Hamilton-based Evans Shaw began the book six years ago when she came into the war-time letters her grandfather wrote to friends and family back home.

“At first I felt anger at this man. He had spent the years from March 1915 to March 1918 in England, training troops in musketry,” writes  Evans Shaw. “Why, oh why, did he sacrifice his safety, his future, his family to go to the front?”

Captain James Lloyd Evans was killed by machine-gun fire Sept. 1, 1918. As the married father of three he never had to serve in the war at all. Sick of the relative safety of his training mission in England, Evans took a drop in rank from Major so he could get to the front. By the fall of 1918 the end of the war was in sight.

“But he had to go, he just had to go,” said Evans Shaw.

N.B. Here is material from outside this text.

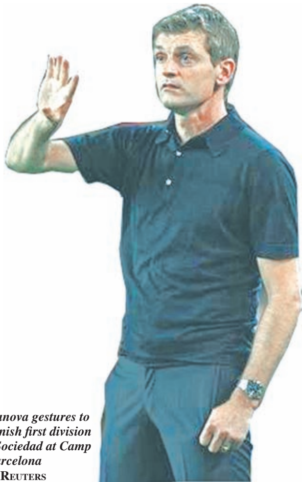
Barcelona's coach Tito Vilanova gestures to his players during their Spanish first division soccer match against Real Sociedad at Camp Nou stadium in Barcelona on 19 Aug, 2012.

"This afternoon I said farewell to the year playing a game of padel with a special person," Adria wrote. "Happy New Year to everyone!" Barca announced last month that Villanova needed a second round of surgery following an operation to remove a tumour from

“How can I face my friends at home if I haven’t been to the front,” he wrote from behind the lines. It was the “War to end all wars.”

As a daughter of her generation, raised on the anti-war songs of the Vietnam era and the poems of Wilfred Owen, Vera Brittain and Robert Graves, Evans Shaw was at first vexed and perplexed by her grandfather.

“I saw my grandfather’s death as a pointless waste in a wasteful and pointless war,” she writes.

But as she visited the battlefields and re-read the letters, Evans Shaw began to see how much harder it was to come to a definite judgment about the war while it was going on.

“The whole war was a huge mistake,” she told The Catholic Register. “But they were out there fighting for it and they were fighting for something they thought was worthwhile.”

Evans Shaw’s guidebook does more than just tell travellers where to find the monuments. The story of each battle and the surrounding circumstances get a fair treatment, making the book valuable even for people who can’t travel to Europe.

While Evans Shaw guards the honour and respect due to the lost generation — 60,000 soldiers and nursing sisters were killed out of a Canadian population of just 7.9 million — she has no illusions about the war itself.

A field outside the Belgian village of Passchendaele summed up a great deal about the Great War. Casualty estimates run in the range of half a million, with most calculating that the Germans lost more than the British. There are more than 1,000 Canadians buried there. It was the Canadians who finally took the ridge at the end of the field in the fall of 1917. The next spring Field Marshall Douglas Haig, who had sacrificed thousands of lives to capture that little ridge, ordered it abandoned.